Justin Turner ma za sobą tylko rok w Europie, ale nie jest postacią anonimową w Orlen Basket Lidze. Przed rokiem miał grać w Czarnych Słupsk, ale ostatecznie jakoś nie trafił do właściwego samolotu i w Polsce się nie pojawił.
Za to Amerykanin zagrał w II lidze hiszpańskiej. W barwach Ourense Baloncesto rozegrał 21 meczów, w trakcie których wypracował średnie: 14,3 pkt, 2,4 zbiórki i 3,0 asysty. II ligi hiszpańskiej nie należy się obawiać, bo to rozgrywki na solidnym poziomie.

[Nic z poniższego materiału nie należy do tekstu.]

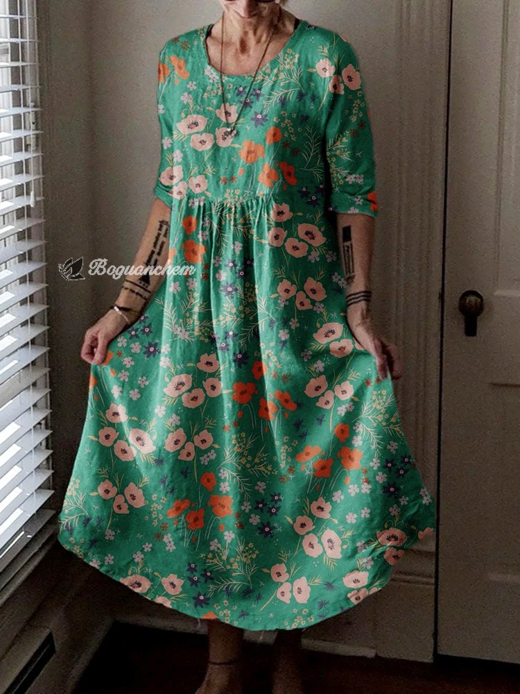 Gender: For Women Style: Casual Fit Type:FIt Shirt Length: Regular Sleeves Length: Long Sleeve Collar: Round Collar Material:Cotton+Linen Material Stretch: No Stretch Pocket :side poctket Weight: 0.300kg Package:1 x Dress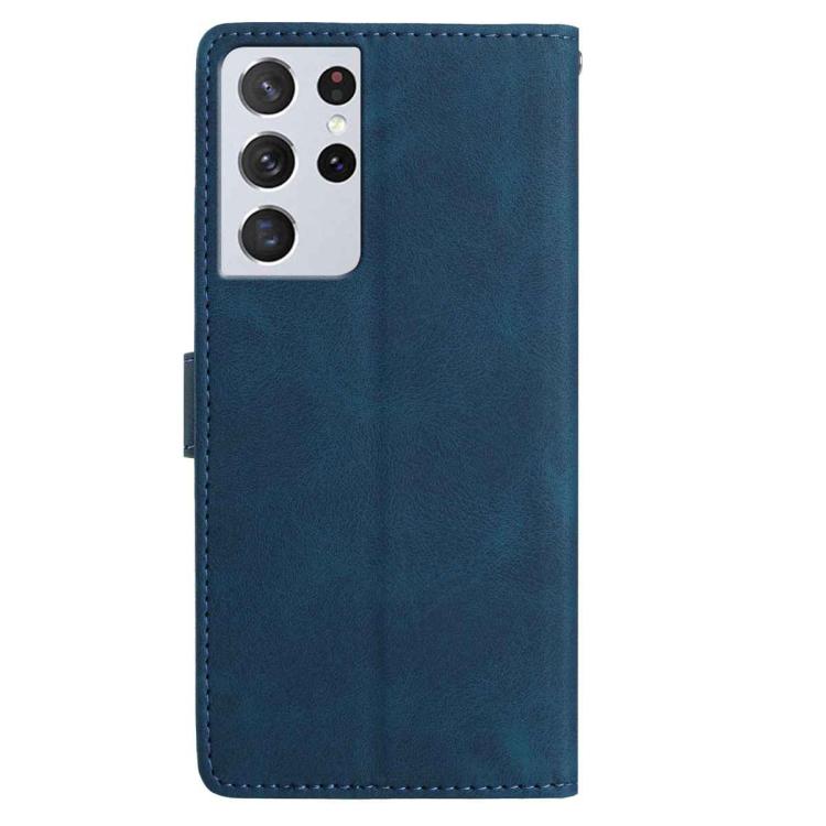For Samsung Galaxy S21 Ultra 5G Skin Feel Embossed Feather Leather Phone Case(Dark Blue)

Stamtąd trafił do Torunia w poprzednim sezonie Goran Filipović i okazał się jednym z najlepszych rozgrywających naszej ligi.
O dużej wartości Turnera jest przekonany Selcuk Ernak: - JT jest bardzo utalentowany koszykarsko, a przy tym także skromny. Swoją grą sprawia, że niektóre rzeczy wydają się bardzo proste. Ma dużą łatwość w zdobywaniu punktów, umie także kreować grę dla siebie oraz pozostałych zawodników. Myślę, że nasze ambicje oraz jego cele spotykają się we właściwym czasie. Wierzę, że dzięki temu dobrze wpasuje się w nasz zespół - mówi szkoleniowiec Anwilu.
To pierwszy obcokrajowiec na pokładzie włocławskiej drużyny. Ważne kontrakty w Anwilu Włocławek mają Kamil Łączyński, Luke Petrasek i pozyskany niedawno z Ostrowa Krzysztof Sulima.